Le récit s’appuie sur des affaires qu’elle a suivies, dont certaines, très médiatisées, parleront forcément au lecteur. Elle aborde ainsi ses méthodes de travail, leur aspect matériel et anecdotique – les trajets en train qui cassent le dos et les lits d’hôtels miteux, son format préféré de bloc-notes…- mais aussi et surtout la démarche, intellectuelle et morale, qui les définit.
L’expression de sa difficulté à trouver ses amorces est révélatrice de l’objectif qui oriente ses écrits, cette obsession à trouver où et à quel moment "ça a commencé", puisqu’un procès n’est jamais que la conclusion d’une histoire qui a débuté bien avant. Telle une archéologue des existences, elle traque dans celle des acteurs du drame les origines de ce dernier, le point de bascule vers le geste irréversible.
Pour ce faire, elle va à la rencontre des gens -qui prennent le pas sur les sujets de société-, "péquenauds", excentriques, obsessionnels…, s’attache aux petites choses qui permettent, si on les regarde sous le bon angle, de voir les grandes. Son but est de "raconter le bruit des autres", de faire en sorte que l’on se souvienne des victimes autrement qu’à travers leur mort, de dévoiler les angles morts, de faire tomber les illusions d’optique. D’où son appétence pour les affaires où rien n’est ce qu’il paraît. Ainsi, entre victime et bourreau les rôles parfois s’inversent, ou le mobile apparent d’un crime peut occulter des motivations profondes, anciennes, que la chroniqueuse devine peu à peu au fil des témoignages.
Son expérience lui a appris à détecter les mécanismes qui font naître obsessions et pensées irrationnelles, mécanismes de stupeur ou de déni indiscernables par ceux-là même qui les éprouvent.
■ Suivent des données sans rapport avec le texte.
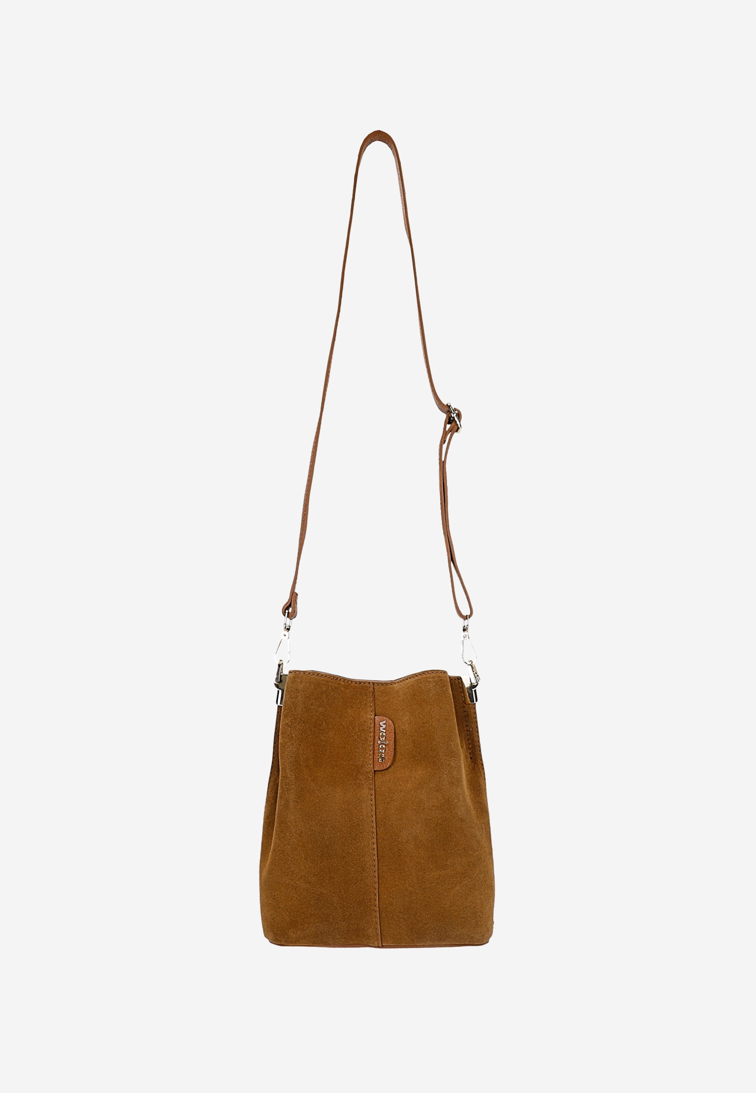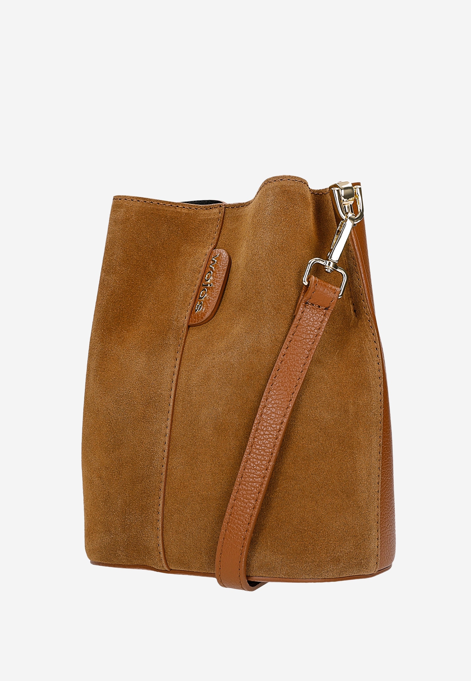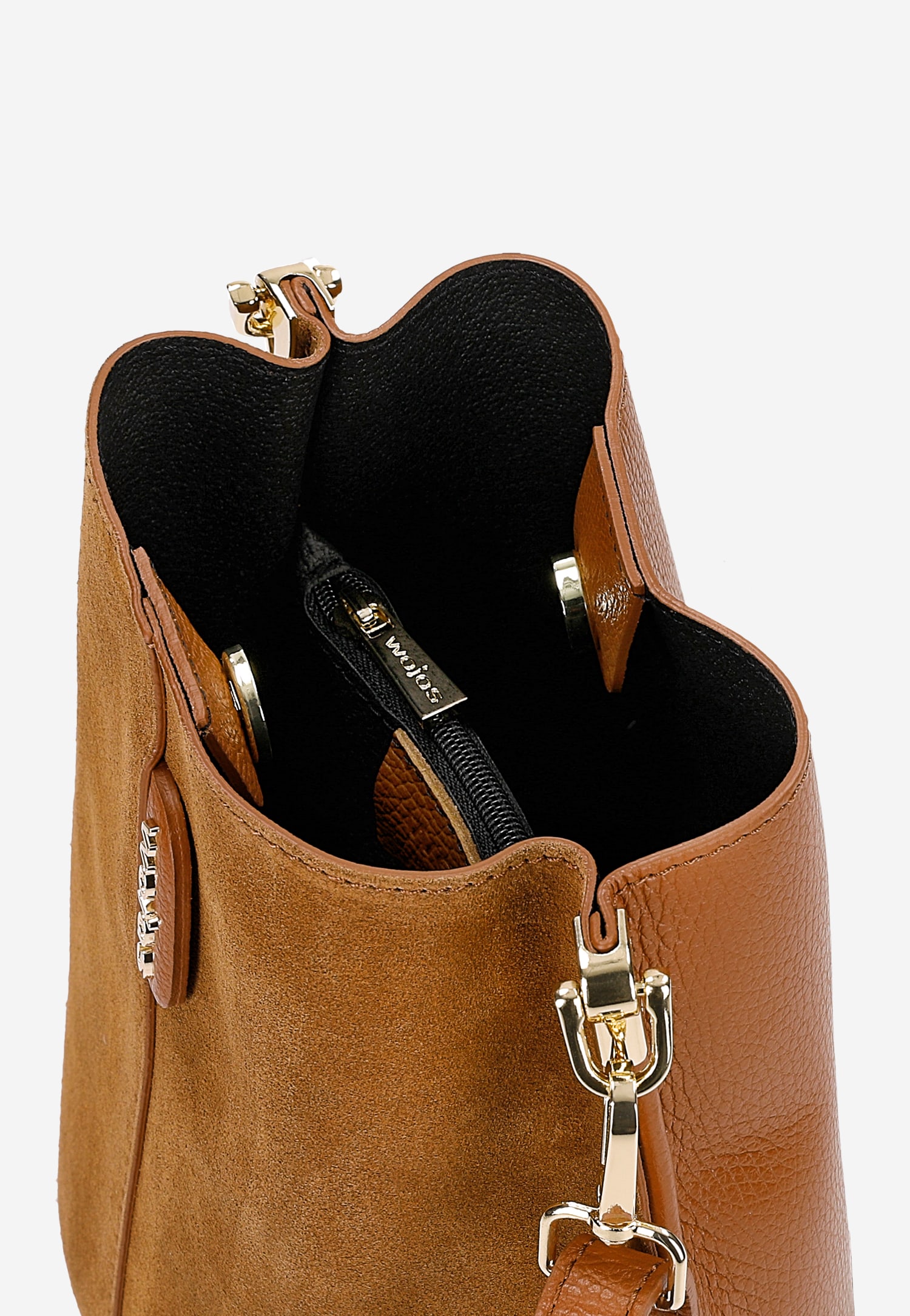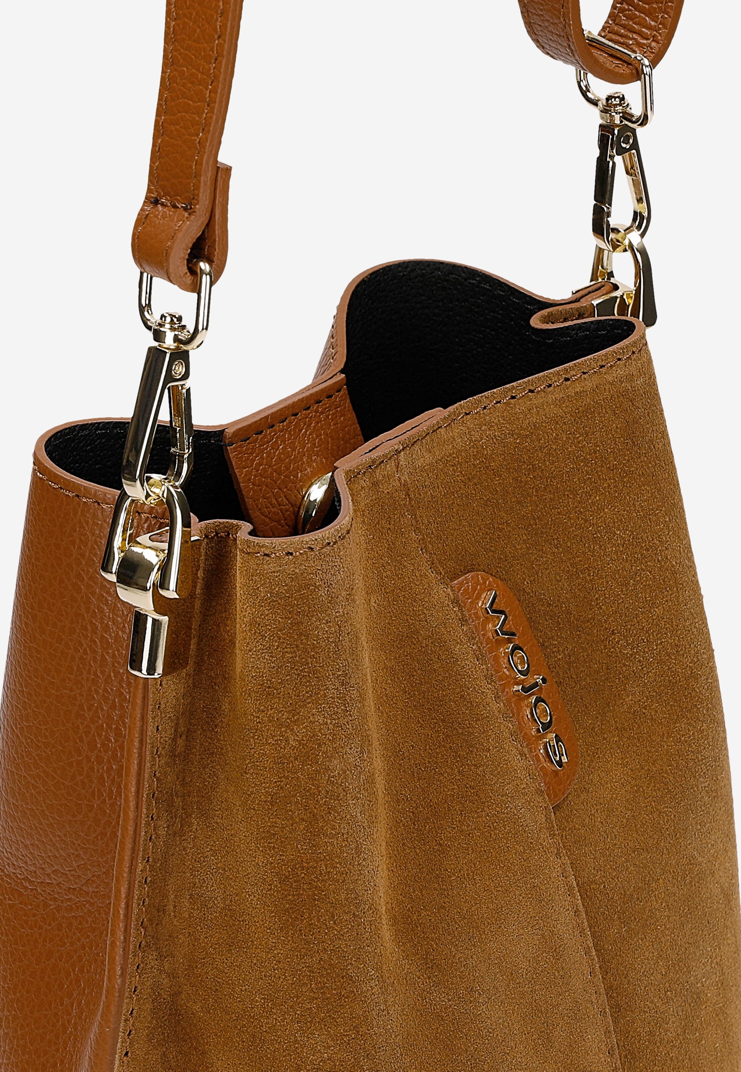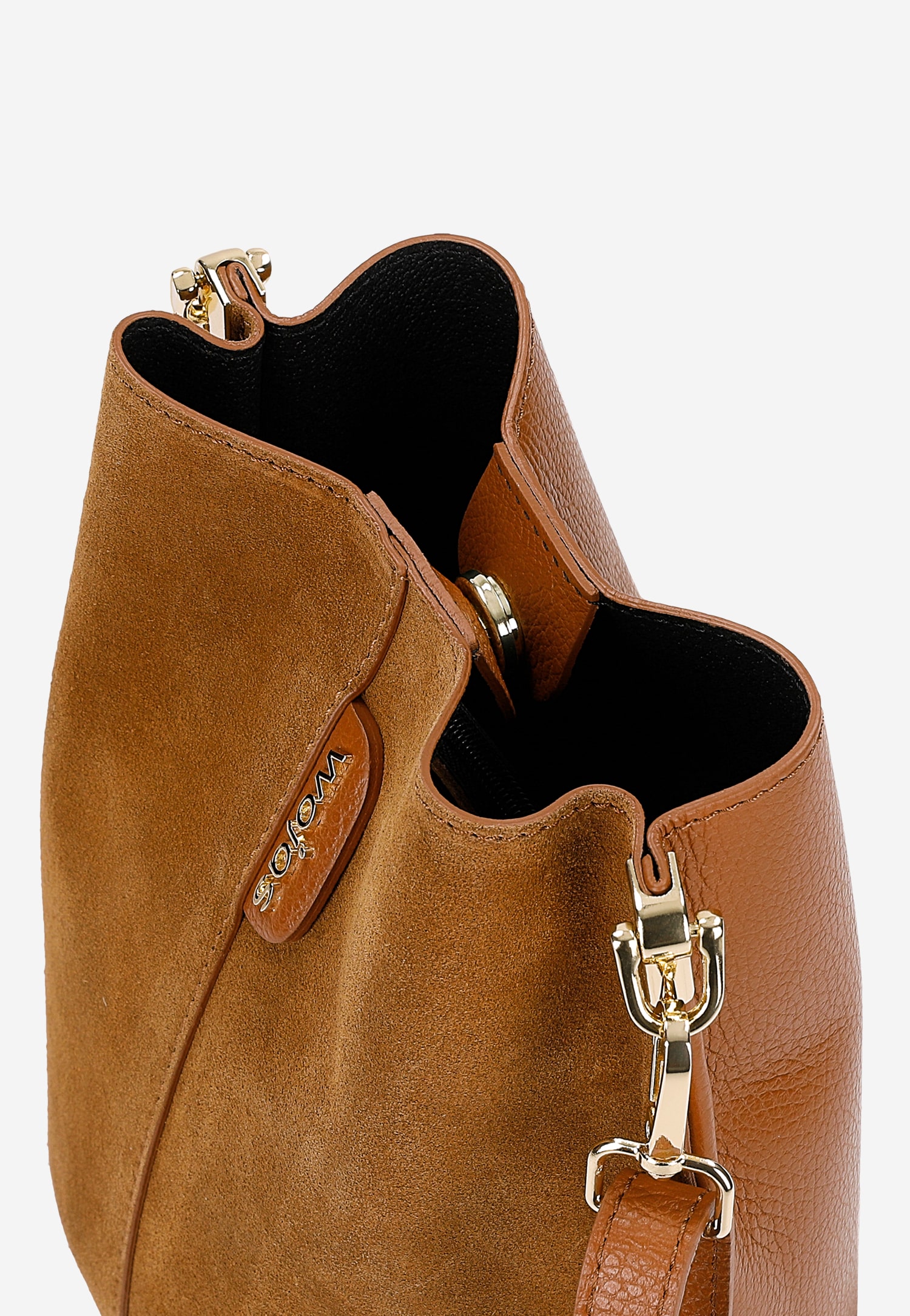 Ta jasnobrązowa torebka typu worek łączy naturalną elegancję skóry licowej z welurową dwoiny, tworząc harmonijną kompozycję faktur i kolorów. Model o uniwersalnym charakterze sprawdzi się zarówno w biurze, jak i podczas weekendowych spotkań ze znajomymi.

Ce qu’il en ressort, c’est qu’il n’y généralement derrière ces affaires criminelles ni monstres ni saints, simplement des gens et des réalités ordinaires dont l’imagination est souvent incapable de produire l’intégralité des infimes nuances, tant elles recèlent de vérités complexes, cachées, transformées par les circonvolutions de la mémoire. Des vérités qui se confrontent, s’opposent, s’assemblent, pour qu’en émerge, au procès, la vérité judiciaire.
Son récit montre comment, dans ces salles de tribunal, on fait tenir des vies entières, on met les existences à nu, dans leur insignifiance et leur grandeur, exposant leur tristesse, les ressentiments, les échecs ou les accomplissements. Les drames, familiaux ou autres, puisent leurs racines dans des maux sociétaux qui engendrent des détresses devenues ingérables ou dans le désordre d’intimités dysfonctionnelles.
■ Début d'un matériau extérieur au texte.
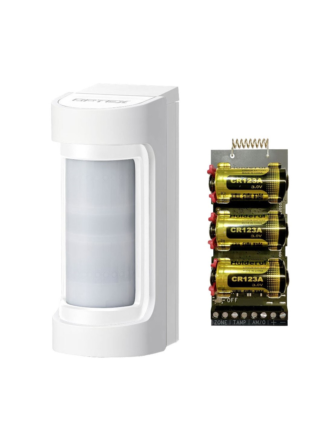 Detector doble tecnología doble PIR + Microondas autoalimentado Exterior Antimasking Optex + Transmisor vía Radio AXPRO | Antimasking IR activo. SMDA contra falsas alarmas. Nivel incorporado. Antimascotas. IP55 | Rango ajustable 5 niveles Sensibilidad 3 niveles | Transmisor vía radio 1 entrada Hikvision. LED estado | Diseño compacto | para colocar en detector cableado | Salida voltaje 3.3v 10mA (encendido detector cableado externo)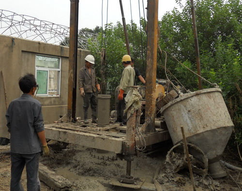 圖為管港變電所增容改造工程的鐵塔塔基灌砼施工現場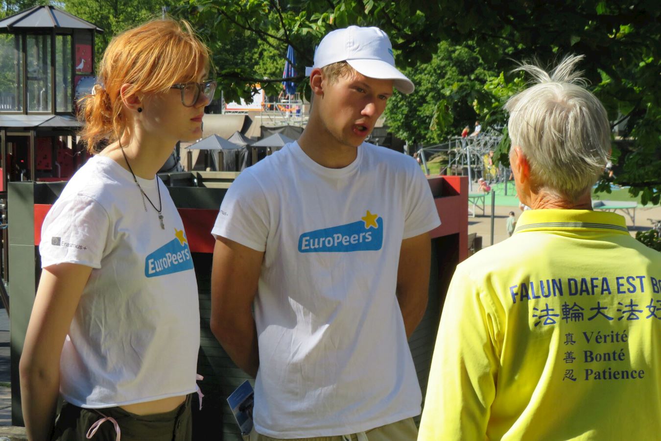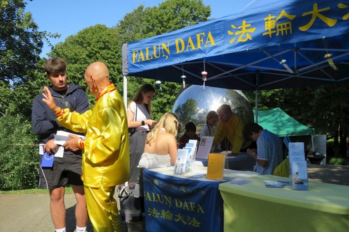 Многие молодые люди пообщались с практикующими, задавая им различные вопросы о Фалунь Дафа. Одни просили показать движения упражнений Фалунь Дафа, другие говорили, что хотели бы совершенствоваться по Фалунь Дафа, и брали контактную информацию местных практикующих.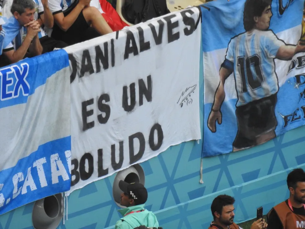O curioso é que a faixa que ofende Daniel Alves está completamente sem contexto no setor, ao lado de homenagens a Messi e Maradona e faixas com nomes de cidades e povoados do país.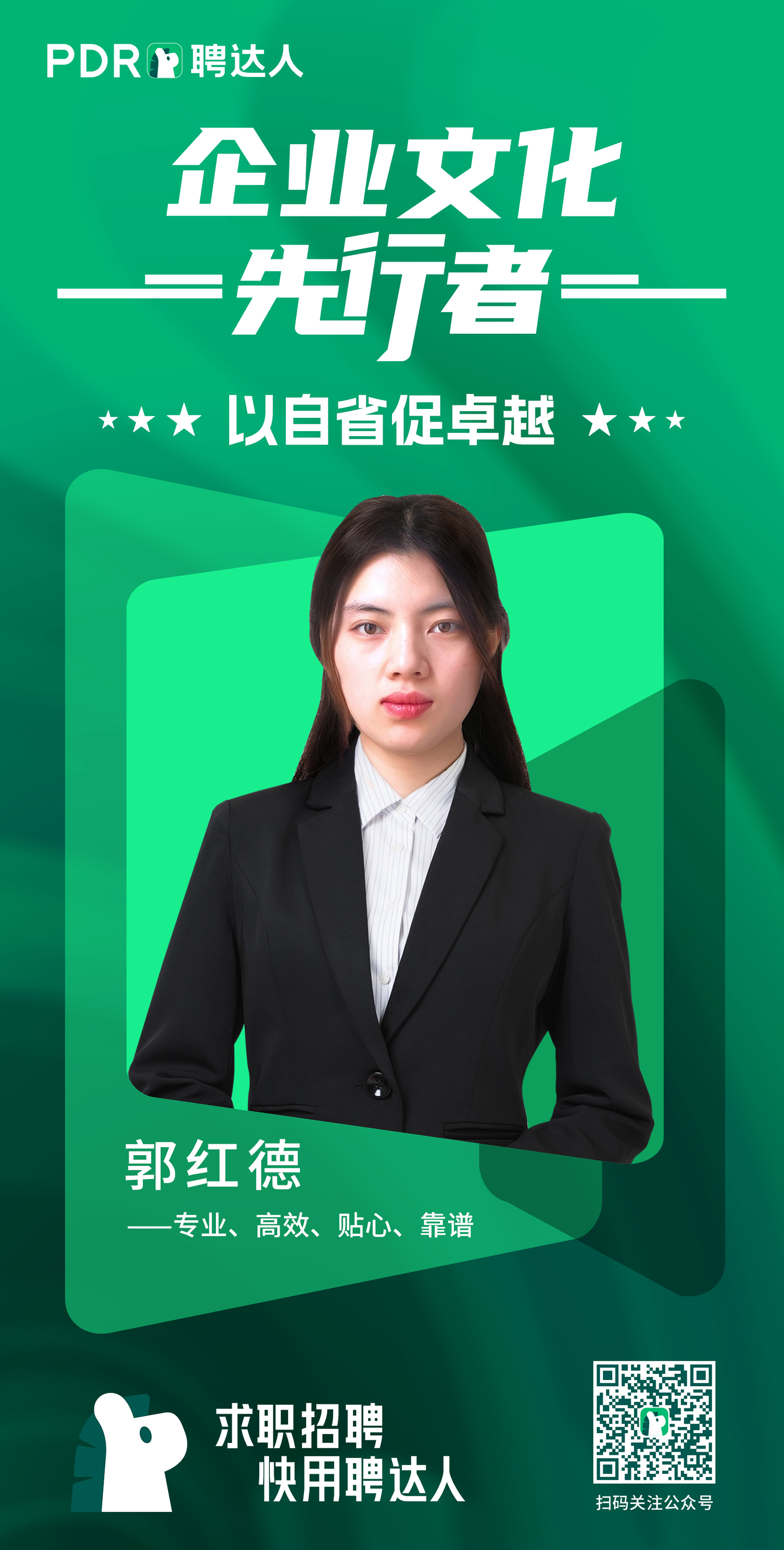 本期,我們?cè)u(píng)選出的聘達(dá)人「以自省促卓越」企業(yè)文化先行者是事業(yè)十四部求職顧問郭紅德,作為在聘達(dá)人集團(tuán)就職的優(yōu)秀人才,郭紅德不斷奮斗,精進(jìn)自己,做出了優(yōu)秀的成果。

Il exprime aussi la dimension ambivalente de cette justice que l’on rend "comme si elle était l’aboutissement de l’évolution de notre espèce", mais dont le décorum et la solennité ne suffisent à dissimuler les limites et les dysfonctionnements. Il y a le manque de moyens, que la lettre écrite par un greffier avant sa tentative de suicide exprime de manière poignante. Et puis la loi, rendue par des hommes, est forcément soumise à leur -même inconsciente- subjectivité. Certains verdicts, fondés sur d’intimes convictions qu’alimentent, en l’absence d’éléments suffisamment tangibles pour les étayer, des a priori sur l’accusé ou l’émotion laissée par la détresse des proches de la victime, laissent ainsi un goût amer et durable, et la conviction que la justice n’a pas été ce qu’elle est censée être. C'est peut-être la plus grande difficulté qui s’impose à ces acteurs de la justice, qu’ils soient ou non professionnels -comme les jurés-, que de savoir que faire du doute que ne vient pas atténuer, sans même parler de le lever, le procès. [Là je digresse, mais j’ai souri lorsque l’auteur rappelle une citation de Nietzche consistant à dire que "ce n’est pas le doute qui rend fou, c’est la certitude", parce qu’il s’agissait du sujet de ma première dissertation de philo (comme quoi, l’événement m’a marquée)]. Dans toute affaire criminelle, affirme Elise Costa, il y a une question irrésolue, qui selon son importance a des résonnances plus ou moins douloureuses. Ainsi, tout chroniqueur judiciaire a "son affaire", celle qu’il connait par cœur et qui ne le quitte jamais parce qu’il la pense irrésolue. Il y a aussi celles qui métamorphosent, celles qui ne laissent que la somme de tous les chagrins mis au jour par l’enquête et le procès, celles enfin que l’on refuse de suivre, parce qu’elles représentent une limite qu’on ne peut franchir.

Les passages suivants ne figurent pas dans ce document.